«Adão, inocentemente, admitiu que fora a sabedoria de Eva, e não a sua: "Ela deu-me o fruto da árvore, e eu comi."»
Alto, belo, despreocupado, e fundamentalmente, inocente de uma forma que não se pode fingir. Ingénuo de uma forma enternecedora, preciosa.
Cansado de não conseguir decifrar, cansado de não escolher um caminho, continuas nesse estado desassossegadamente intemporal onde vives rodeado de um turbilhão humano, que após palavras e gestos incansáveis, nunca pára. Nesse leito imortal e dourado tens à tua volta sentado o Amor, a Paixão, a Tentação, a Luxúria e o Desejo, todas as mulheres da tua vida. Lentamente, nessa dança irreal e doentia, vão-te asfixiando segundo a tua vontade, até as pequenas coisas te levarem para longe desse mundo.
O Amor representa em si tudo o que é importante sentir, viver. Contém em si a beleza da felicidade e a tristeza da desilusão, mas sem ele, estarias perdido.

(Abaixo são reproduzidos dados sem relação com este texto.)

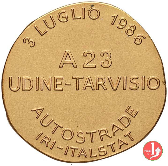 Autostrada A23 Udine-Tarvisio 1986 Obverse: figura allegorica: busto di giovane volto a sx con testa raggiante in basso sul busto: GRECO nel campo: A 23 = UDINE-TARVISIO in basso circolarmente: AUTOSTRADE = IRI-ITALSTAT |
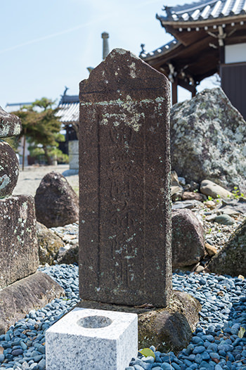 六字名号板碑……総高55cm。彫法により室町時代末期の造立と思われ、正面に「南無阿弥陀佛」と六字名号が刻まれています。

Ele é algo que, apesar de tudo, nunca mudará; ele não se altera, passando por metamorfoses várias, mas deixando sempre a sua essência a pairar no ar sobre ti.
Paixão, caprichosa e inconstante, desperta em ti a vontade de não saber o que se quer. Num instante amas, no outro odeias com uma calma intensamente natural, pelo simples facto de poderes ter o que queres. Mantida a uma distância sempre razoável, ela vai e volta consoante a tua vontade, e está sempre pronta a servir de fonte para a tua eterna sede de afeto.
Misteriosa, atrativa e sempre a uma distância segura para não ser apanhada (inalcançável), temos a tua Tentação. A voz que te sussurraria segredos condenáveis, se quisesse; voz que, onde quer que esteja, faz com que a tua cabeça se vire à sua procura, mesmo no meio do nevoeiro. A sensação geral é a de querer, é a de ter, embora saibas que não é real; é a sensação de querer possuir o que mais ninguém pode, é o desafogo de encontrar um corpo quente sempre disposto a ouvir, mas não a adorar. Ela que não finge, que não se rege pelas tuas leis, parecendo-te apetecível só porque não a podes ter.
A Luxúria que transpira exuberância, excesso, sensualidade para a tua vida, como uma brisa suave e inevitável que não queres recusar encaixa-se na perfeição na espiral levemente auto-destrutiva que é a tua vida. Respira confiança, a mesma que te faz desejá-la; respira simpatia e felicidade, qualidades que, como qualquer fragrância hipnotizante, servem para te atrair. Prende-te na sua teia intoxicante de aparência e, com o teu consentimento, não te deixa mais sair. Nunca mais.
No fim de tudo, independentemente do resto, o teu Desejo derradeiro conjuga-se na vontade de querer ter o que, acima de tudo, nunca será teu. O cobiçar de carne que após o toque se encontra fria como mármore, a que desperta o apetite voraz de desejar sempre mais, quando o nada é a única realidade que conheces. Passas assim metade da tua vida, a ansiar pelo dia em que a barreira do intocável se desvaneça, para poderes alcançar o teu paraíso.
Nesta atmosfera em que o tempo passa muito, muito lentamente, vês à tua volta uma grande parte do teu ser, imortalizado pelas sensações que tens e que nunca irás ter, pelos sentimentos que demonstras, e pelos que escondes no teu interior mais profundo.
E, ainda que sejam a causa da tua morte rápida ou indolor, nunca poderias deixar ir as cinco coisas que dão ânimo à tua vida, que te mantêm o coração a bater, dia após dia. Nunca poderias abdicar do que, no fundo, não é teu, embora estejas viciado a um nível quase impercetível. A necessidade é demasiada, o querer impõe-se demasiado alto. E assim continua o ciclo decadente que um dia acabará por te destruir.
«Por um só homem entrou o pecado no mundo»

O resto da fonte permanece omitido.